Both the House and Senate passed their own versions to extend and expand the act during the last session, but partisan wrangling and questions about the constitutionality of some provisions stalled any compromises on the reauthorization effort.
Even though the new session is barely under way, advocates are beginning their push in New Mexico and they’re targeting U.S. Rep. Steve Pearce.
The Republican, who represents southern New Mexico’s 2nd District, supported the House bill when it came up for a vote more than seven months ago, but he did not support the Senate version.
“It’s unacceptable that Senate leadership chose to play politics with women’s lives and safety for that entire time, rather than reauthorize this important law,” Pearce said in a statement issued to The Associated Press. “I’ve been meeting with New Mexico constituents on this issue, and they feel as I do, that this law is important and needs reauthorization. I call on the Senate to put politics aside and approve it now.”
The women’s groups gathered outside Republican Party headquarters in Albuquerque on Tuesday accused Pearce and other House Republicans of playing politics. They argued that the Senate version of the bill would better protect American Indian women as well as those in immigrant and gay and lesbian communities.
“I think the stumbling block is ideologues in the Republican Party and people like Steve Pearce need to decide whether their loyalty belongs to the people who elected them or to the far right,” said Martha Burk of the National Council of Women’s Organizations.
Burk said it’s not just about Pearce’s district, which is primarily a rural, conservative area.
“We want to hold the line because all citizens deserve protection,” she said.
Burk and the other advocates planned to send Pearce one purple ribbon for every person who signed the online petition. By late Thursday afternoon, 400 people from around the state added their names.
The battle over reauthorization of the act has been long and contentious.
Created to prevent domestic abuse and protect its victims, the 1994 act expired in 2011. The House in May narrowly passed its own version, but the Obama White House threatened a presidential veto, saying it didn’t go far enough to protect battered illegal immigrants, Native Americans or gays. The Democratic-led Senate extended new protections to those minority groups.
In New Mexico, where some 20,000 domestic violence incidents are reported each year, advocates are hopeful Congress will be able to settle the questions regarding constitutionality and still clear the way for expanded protections.

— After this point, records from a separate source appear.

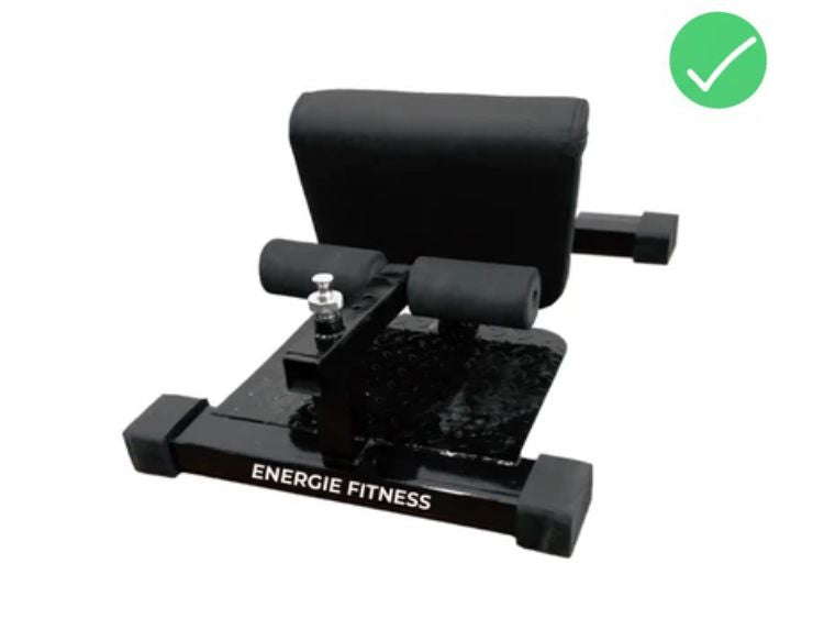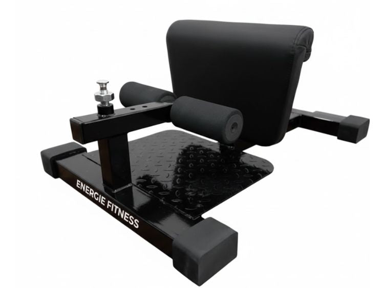 Energie Fitness Sissy squat exercise machine comes with adjustable seat and roller options to accommodate users from different fitness levels. It ensures custom user comfort and helps maintain the correct form for strenuous exercises.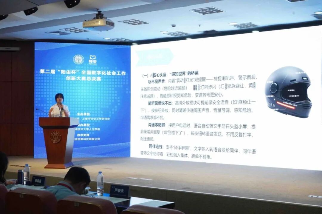 在现场答辩环节,43支晋级队伍围绕老年、青少年、儿童、医务、农村及残疾人社会工作等领域,展示了AIVR等数字技术的融合应用方案。参赛项目覆盖视听障碍帮扶、老年人健康关怀、社区营造及非遗文化传承等多个方向,体现出数字技术与人文关怀的深度融合。与首届赛事相比,本届作品的数字化应用更为多元,AI生成图像、数字人、智能体等技术构想纷纷亮相,呈现出创新活跃、应用深入的显著特点。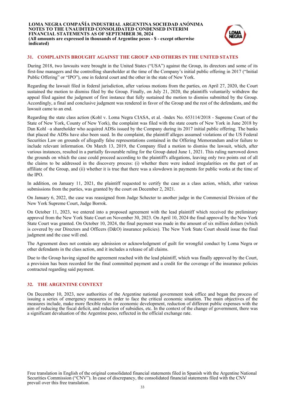 31. COMPLAINTS BROUGHT AGAINST THE GROUP AND OTHERS IN THE UNITED STATES During 2018, two lawsuits were brought in the United States (“USA”) against the Group, its directors and some of its first-line managers and the controlling shareholder at the time of the Company’s initial public offering in 2017 (“Initial Public Offering” or “IPO”), one in federal court and the other in the state of New York. Regarding the lawsuit filed in federal jurisdiction, after various motions from the parties, on April 27, 2020, the Court sustained the motion to dismiss filed by the Group. Finally, on July 21, 2020, the plaintiffs voluntarily withdrew the appeal filed against the judgment of first instance that fully sustained the motion to dismiss submitted by the Group. Accordingly, a final and conclusive judgment was rendered in favor of the Group and the rest of the defendants, and the lawsuit came to an end. Regarding the state class action (Kohl v. Loma Negra CIASA, et al. -Index No. 653114/2018 - Supreme Court of the State of New York, County of New York), the complaint was filed with the state courts of New York in June 2018 by Dan Kohl –a shareholder who acquired ADSs issued by the Company during its 2017 initial public offering. The banks that placed the ADSs have also been sued. In the complaint, the plaintiff alleges assumed violations of the US Federal Securities Law on grounds of allegedly false representations contained in the Offering Memorandum and/or failure to include relevant information. On March 13, 2019, the Company filed a motion to dismiss the lawsuit, which, after various instances, resulted in a partially favourable ruling for the Group dated June 1, 2021. This ruling narrowed down the grounds on which the case could proceed according to the plaintiff's allegations, leaving only two points out of all the claims to be addressed in the discovery process: (i) whether there were indeed irregularities on the part of an affiliate of the Group, and (ii) whether it is true that there was a slowdown in payments for public works at the time of the IPO. In addition, on January 11, 2021, the plaintiff requested to certify the case as a class action, which, after various submissions from the parties, was granted by the court on December 2, 2021. On January 6, 2022, the case was reassigned from Judge Schecter to another judge in the Commercial Division of the New York Supreme Court, Judge Borrok. On October 11, 2023, we entered into a proposed agreement with the lead plaintiff which received the preliminary approval from the New York State Court on November 30, 2023. On April 10, 2024 the final approval by the New York State Court was granted. On October 10, 2024, the final payment was made in the amount of six million dollars (which is covered by our Directors and Officers (D&O) insurance policies). The New York State Court should issue the final judgment and the case will end. The Agreement does not contain any admission or acknowledgment of guilt for wrongful conduct by Loma Negra or other defendants in the class action, and it includes a release of all claims. Due to the Group having signed the agreement reached with the lead plaintiff, which was finally approved by the Court, a provision has been recorded for the final committed payment and a credit for the coverage of the insurance policies contracted regarding said payment. 32. THE ARGENTINE CONTEXT On December 10, 2023, new authorities of the Argentine national government took office and began the process of issuing a series of emergency measures in order to face the critical economic situation. The main objectives of the measures include, make more flexible rules for economic development, reduction of different public expenses with the aim of reducing the fiscal deficit, and reduction of subsidies, etc. In the context of the change of government, there was a significant devaluation of the Argentine peso, reflected in the official exchange rate. LOMA NEGRA COMPAÑÍA INDUSTRIAL ARGENTINA SOCIEDAD ANÓNIMA NOTES TO THE UNAUDITED CONSOLIDATED CONDENSED INTERIM FINANCIAL STATEMENTS AS OF SEPTEMBER 30, 2024 (All amounts are expressed in thousands of Argentine pesos - $ - except otherwise indicated) Free translation in English of the original consolidated financial statements filed in Spanish with the Argentine National Securities Commission (“CNV”). In case of discrepancy, the consolidated financial statements filed with the CNV prevail over this free translation. 33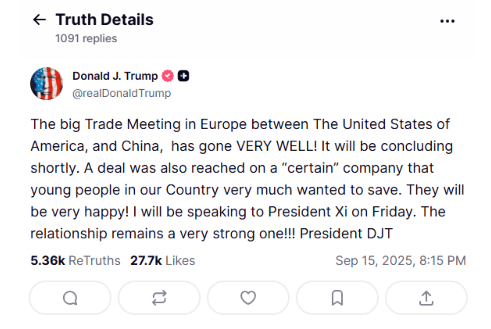 根據CNN報導,美國財政部長貝森特(Scott Bessent)週一表示,美中雙方已在西班牙馬德里達成一份「框架協議」(Framework Agreement),允許TikTok繼續在美國運營,並將由美資主導的財團接手其美國資產。美國總統川普將在週五與中國國家主席習近平(Xi Jinping)通話,為後續高峰會鋪路。這份協議被視為川普第二任期內,美中關係的重要突破口之一。

Daniel Manzano, policy director for the New Mexico Coalition Against Domestic Violence, said the state stands to benefit given its high populations of Native and immigrant women.
“The 113th Congress, they’re the most diverse Congress elected in a long time. Hopefully they’ll understand how important this is,” he said.
While New Mexico only gets around $1 million for domestic violence programs and services through VAWA, Manzano said the language of the act is more important.
“It’s the only place where it’s federally recognized that committing acts of domestic violence, sexual assault and stalking are crimes,” he said.